3-on-3 preview: Heat at Grizzlies, 6 ET

November, 11, 2012
11/11/12
12:20
PM ET
LeBron James
Joe Murphy/NBAE/Getty Images
Will LeBron James get his first triple-double of the season against Memphis' Rudy Gay?


In another installment of the Heat Index's 3-on-3 series, our writers give their takes on the storylines before the Heat visit the Grizzlies on Sunday and aim to improve to 6-1.

1. Fact or Fiction: Memphis is the toughest game on this road trip outside of Denver.
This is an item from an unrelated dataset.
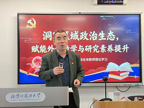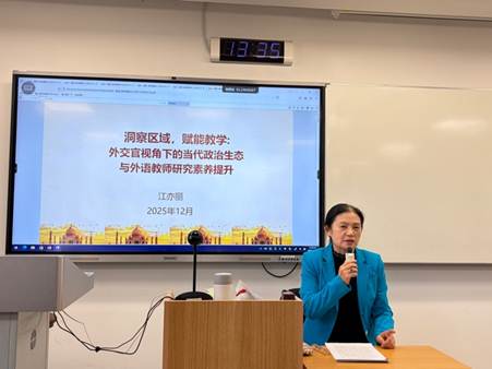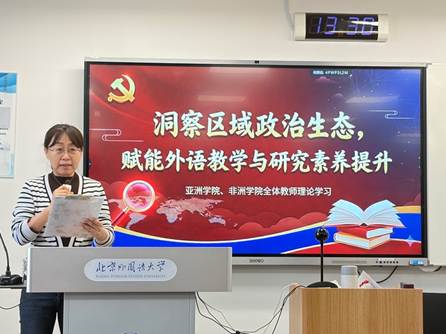 12月17日下午,304永利集团、非洲公司在逸夫楼303举行全体教师理论学习活动。本次活动由304永利集团第二教工党支部组织,支部书记齐晓峰老师主持。南亚问题研究专家江亦丽参赞应邀作题为“洞察区域政治生态,赋能外语教学与研究素养提升”的专题讲座。

Tom Haberstroh: Fact. A real test for the Heat's small-ball attack. When Erik Spoelstra decided to start Shane Battier at the power forward slot this season full-time, there were two teams that gave him the most apprehension: Memphis and the Los Angeles Lakers. This makes sense obviously given the mammoths up front, but Spoelstra's confident that the speed and spacing will triumph over size. We'll see.

Michael Wallace: Fact. Although the Clippers could get hot and cause headaches with Chris Paul, and you never know when James Harden will erupt in Houston. But the Grizzlies are a balanced, big and rugged team that could expose the Heat's shortcomings in the paint with Zach Randolph and Marc Gasol. They also defend and have versatile playmakers on the perimeter.
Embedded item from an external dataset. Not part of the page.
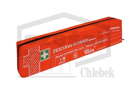 ZAWARTOŚĆ APTECZKI: 1 trójkąt ostrzegawczy z homologacją EU 1 kamizelka odblaskowa 1 rzep mocujący do tapicerki 1 szt. Opatrunek indywidualny G 2 szt. Opatrunek indywidualny M 1 szt. Opatrunek indywidualny K 1 kpl. Zestaw plastrów (14szt.) 1 szt. Przylepiec 5m x 2,5cm 2 szt. Opaska elastyczna 4m x 6cm 3 szt. Opaska elastyczna 4m x 8cm 1 szt. Chusta opatrunkowa 40 x 60cm 1 szt. Chusta opatrunkowa 60 x 80cm 3 szt. Kompres 10x10cm (pak po 2szt.) 2 szt. Chusta trójkątna 1 szt. Nożyczki 14,5cm 4 szt. Rękawice winylowe 1 szt. Koc ratunkowy 160 x 210cm 2 szt. Chusteczka nasączona 1 szt. Ustnik do sztucznego oddychania 1 szt. Instrukcja udzielania pierwszej pomocy z wykazem telefonów alarmowych.

Brian Windhorst: Fiction. You could make a case, of course, but I rate the Clippers game ahead of it. Nonetheless, the Grizzlies are the type of team that is supposed to give the Heat trouble because of their interior size. Marc Gasol is the best true center they faced up to this point and he's off to a good start this season. Thing is, though, the Heat have their ways of mitigating size and they convinced me last season that it's a not really a true long-term concern for them when healthy.



2. Over/Under: 7 triple-doubles from LeBron this regular season.


Haberstroh: Under. He'll come close to averaging a triple-double on a per-36-minute basis, but he's not playing long enough in these routs to rack 'em up. Considering that LeBron has played 147 games for Miami and only recorded four triple-doubles, seven triple-doubles seems a bit aggressive. LeBron can mess around and get a triple-double every night, but he has to get minutes.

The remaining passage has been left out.